The southern border is Spotsylvania Courthouse, the western border is the Rapidan River tributary called Mine Run, and the eastern border is a little less definite to define. During the battles which happened there in 1863 and 1864, the region was dense second-growth forest consisting of small trees, bushes, shrubs, and pines, making it difficult for soldiers to navigate. Catharine Furnace, and other furnaces built to make iron, used the large growth trees in the area to fuel their furnaces beginning in 1837, resulting in the second-growth terrain, which created the second-growth area called the Wilderness.
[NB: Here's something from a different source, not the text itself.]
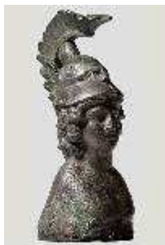
18. Statuette en bronze de Mars avec casque et cimier, 2-3ème ap JC (MmoCA inv. 82)

Today, the Wilderness Battlefield is named one of the eleven most endangered historic sites by the National Trust for Historic Preservation. A large multi-use development called the Wilderness Crossing is an approved 2,600-acre rezoning and proposed development in Orange County near the intersection of Rt. 3 and Rt. 20 adjacent to Wilderness Battlefield and across from Lake of the Woods. The proposed development sits on part of the Wilderness Battlefield, as well as the site of several old gold mines.